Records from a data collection
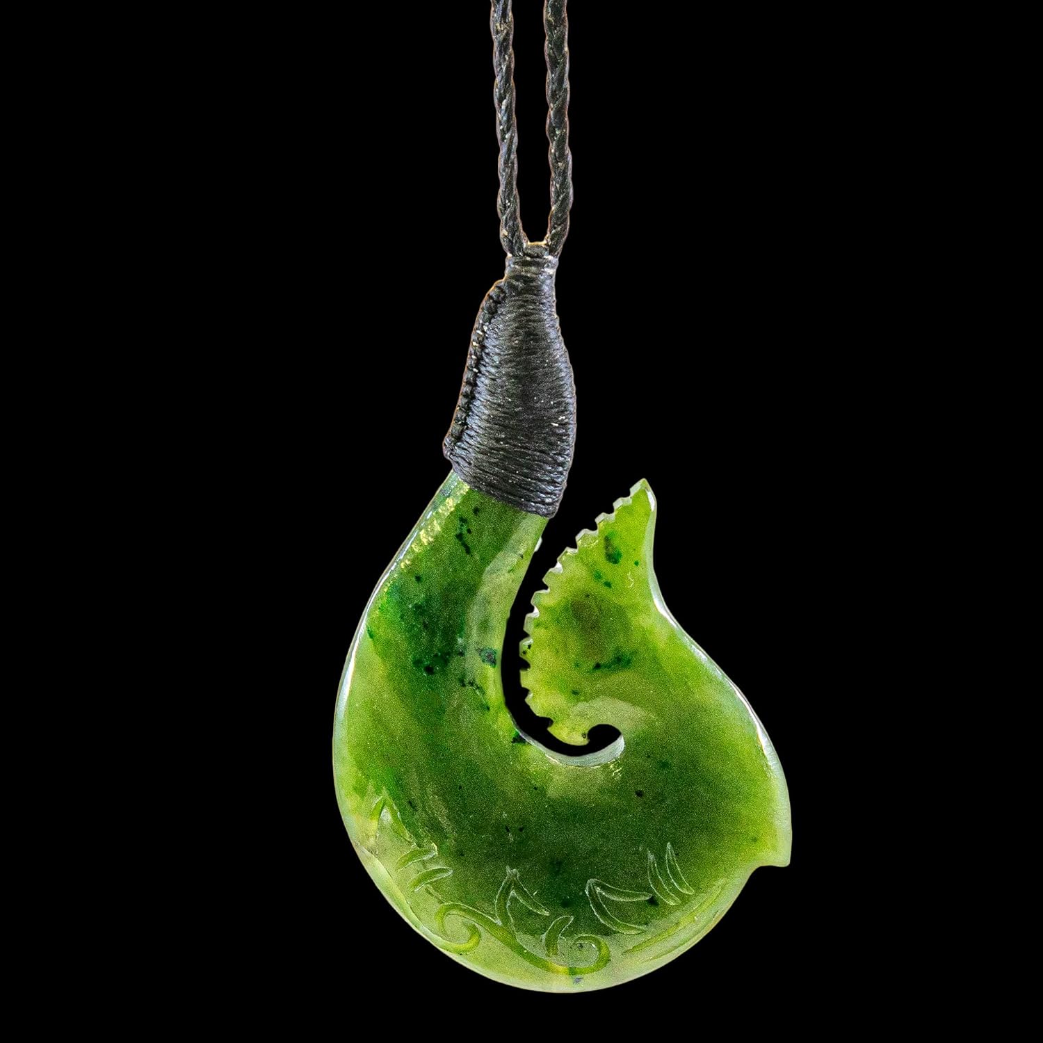 Hand Carved, Untreated, True Nephrite, Untreated Jade fish hook necklace. Inspired by the peoples of Hawaii, New Zealand and other Pacific islands. Please allow for slight color variations due different screen vartiations in the stone and viewing calibrations.
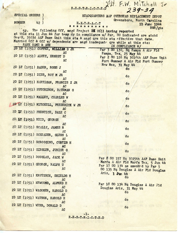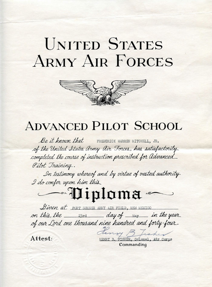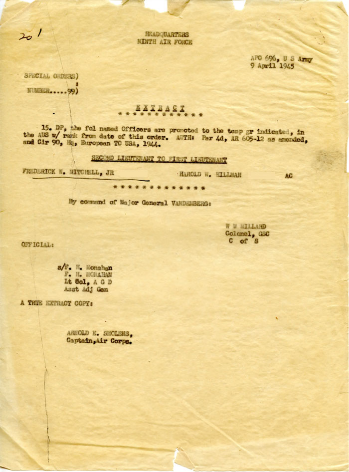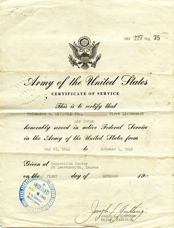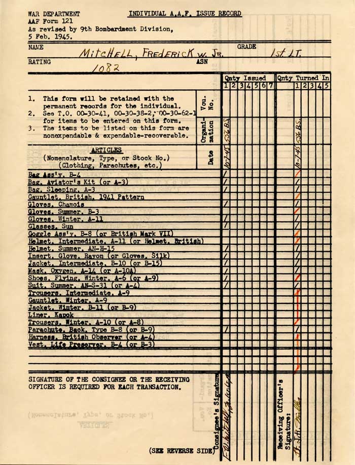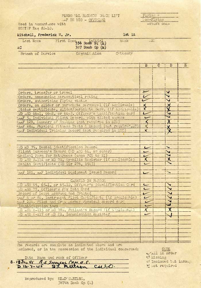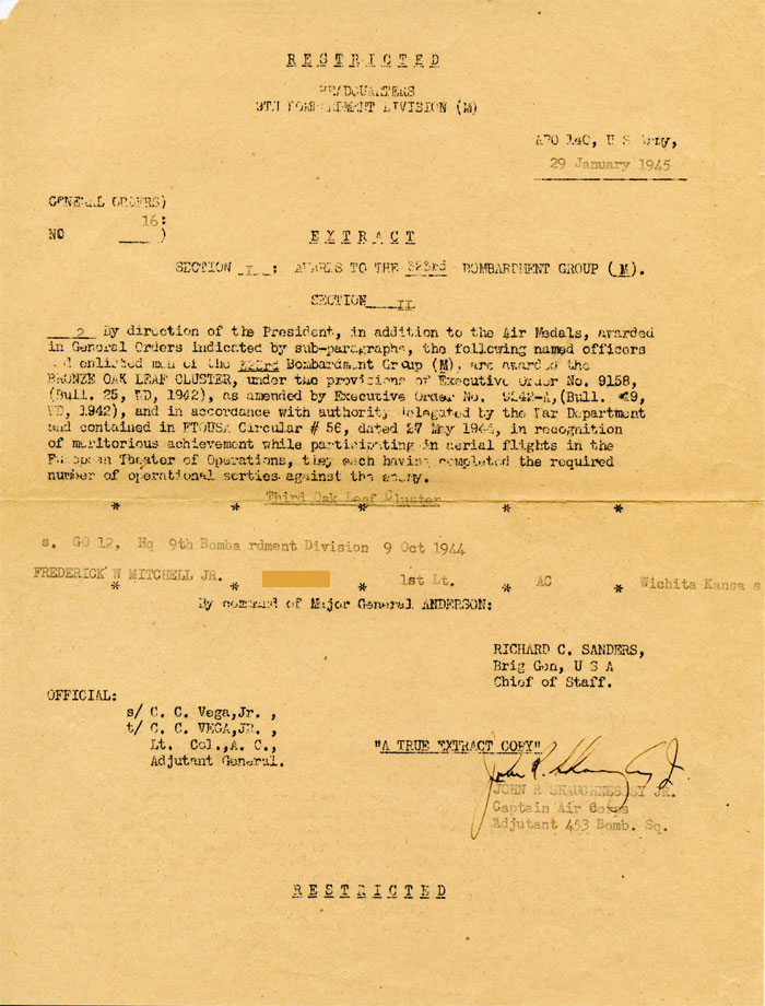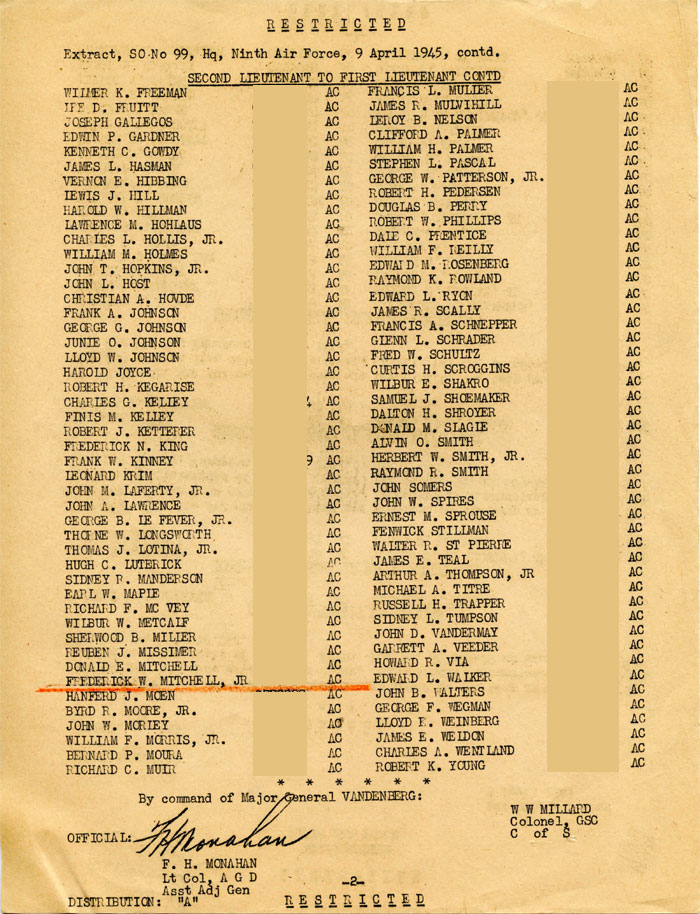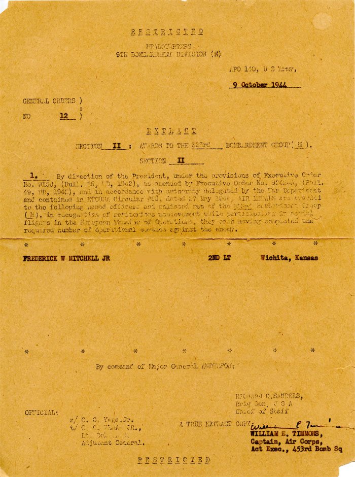Frederick Warren Mitchell, Jr. 453rd Bomb Squadron, 323rd Bomb Group 556th Bomb Squadron, 387th Bomb Group
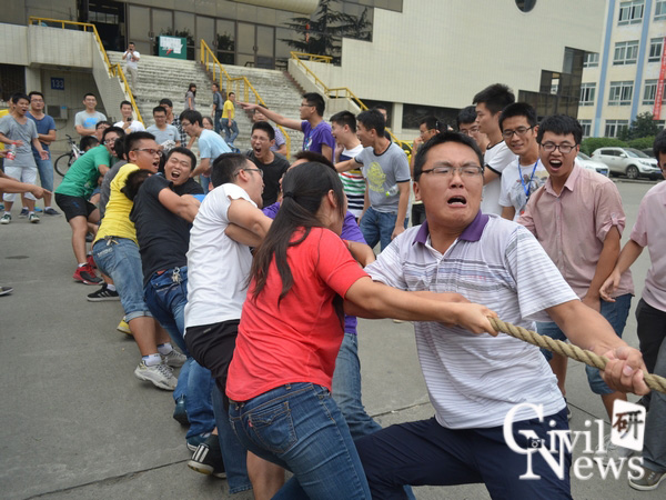 9月14日下午2点,由太阳成集团tyc7111cc主办、太阳成集团tyc7111cc研究生会承办的迎新拔河对抗赛在詹天佑体育馆广场举行,太阳成集团tyc7111cc2013级研究生14个自然班(含博士班)参加了此次拔河比赛。本次比赛每个班以13名男生加1名女生为单位,采用“三局两胜”淘汰赛制。
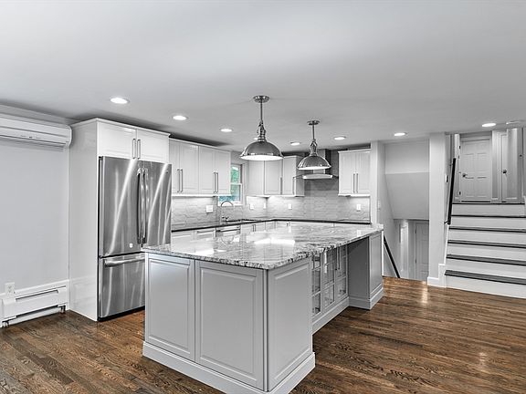 Who put the modern in mid-century modern? This upscale contemporary in coveted Precinct 1 did! Nestled on a gorgeous 1 acre fenced lot in a premier location, this updated 4-bedroom, 2.5-bath home offers space for everything - work, play, hobbies, or relaxation. The open floor plan showcases a stunning kitchen with center island overlooking the dining and fireplaced living areas, ideal for entertaining. The 4 season sun room provides extra space to unwind. Upstairs has 4 bedrooms and updated baths, including a primary suite. Downstairs, off the two car garage, you'll find a mudroom/office, laundry room and half bath. But it doesn't end here! The lower level boasts a great family room with fireplace. Outside, enjoy the landscaped yard with oversized patio. This gem is around the corner from Dedham Country Day, minutes from Dedham Square, the Community House, boat launches on the Charles, and a short drive to Route 95/128 and VFW Parkway.
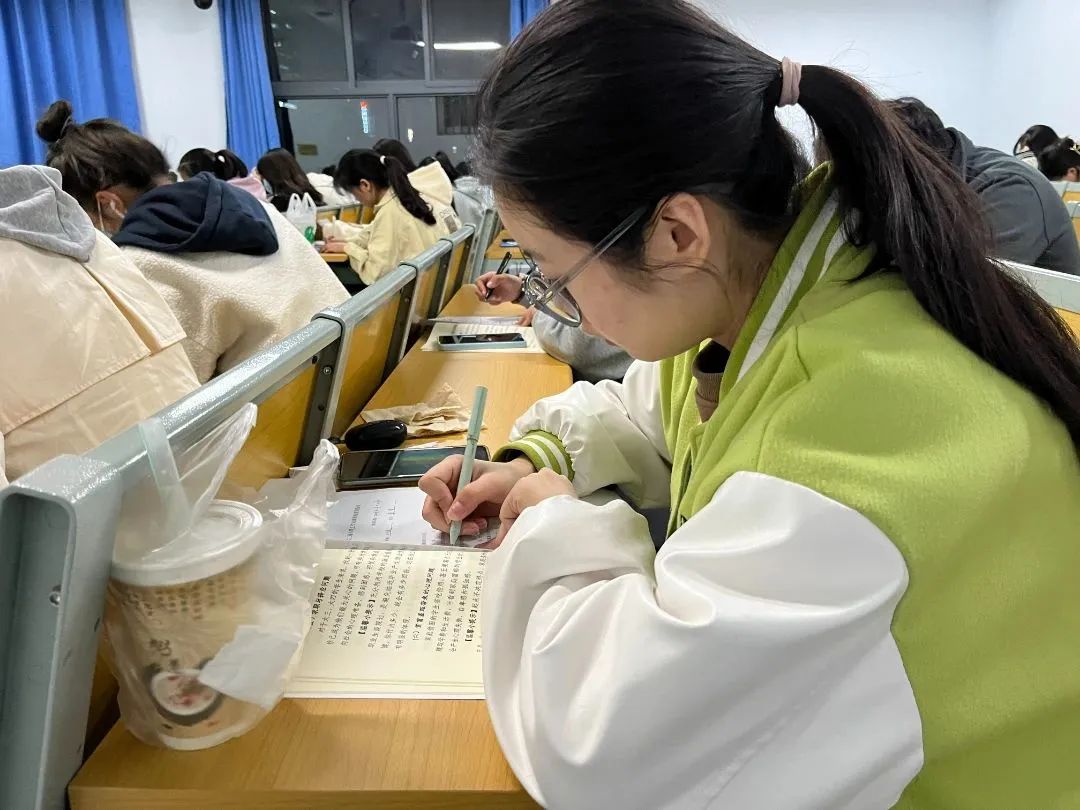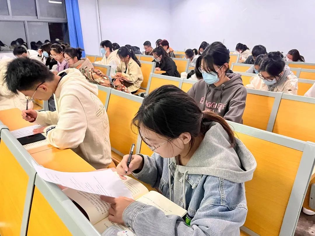 21级食工三班蔡语铮为各班心理委员发放调查问卷,同学们积极认真填写,同时,针对相关工作问题展开交流讨论。

EXERCISE DETAILS —
Leaving the pictures out, set down all of the data again exactly.

OUTPUT FOR THIS TASK —
 Hand Carved, Untreated, True Nephrite, Untreated Jade fish hook necklace. Inspired by the peoples of Hawaii, New Zealand and other Pacific islands. Please allow for slight color variations due different screen vartiations in the stone and viewing calibrations.
Frederick Warren Mitchell, Jr. 453rd Bomb Squadron, 323rd Bomb Group 556th Bomb Squadron, 387th Bomb Group
 9月14日下午2点,由太阳成集团tyc7111cc主办、太阳成集团tyc7111cc研究生会承办的迎新拔河对抗赛在詹天佑体育馆广场举行,太阳成集团tyc7111cc2013级研究生14个自然班(含博士班)参加了此次拔河比赛。本次比赛每个班以13名男生加1名女生为单位,采用“三局两胜”淘汰赛制。
 Who put the modern in mid-century modern? This upscale contemporary in coveted Precinct 1 did! Nestled on a gorgeous 1 acre fenced lot in a premier location, this updated 4-bedroom, 2.5-bath home offers space for everything - work, play, hobbies, or relaxation. The open floor plan showcases a stunning kitchen with center island overlooking the dining and fireplaced living areas, ideal for entertaining. The 4 season sun room provides extra space to unwind. Upstairs has 4 bedrooms and updated baths, including a primary suite. Downstairs, off the two car garage, you'll find a mudroom/office, laundry room and half bath. But it doesn't end here! The lower level boasts a great family room with fireplace. Outside, enjoy the landscaped yard with oversized patio. This gem is around the corner from Dedham Country Day, minutes from Dedham Square, the Community House, boat launches on the Charles, and a short drive to Route 95/128 and VFW Parkway.
 21级食工三班蔡语铮为各班心理委员发放调查问卷,同学们积极认真填写,同时,针对相关工作问题展开交流讨论。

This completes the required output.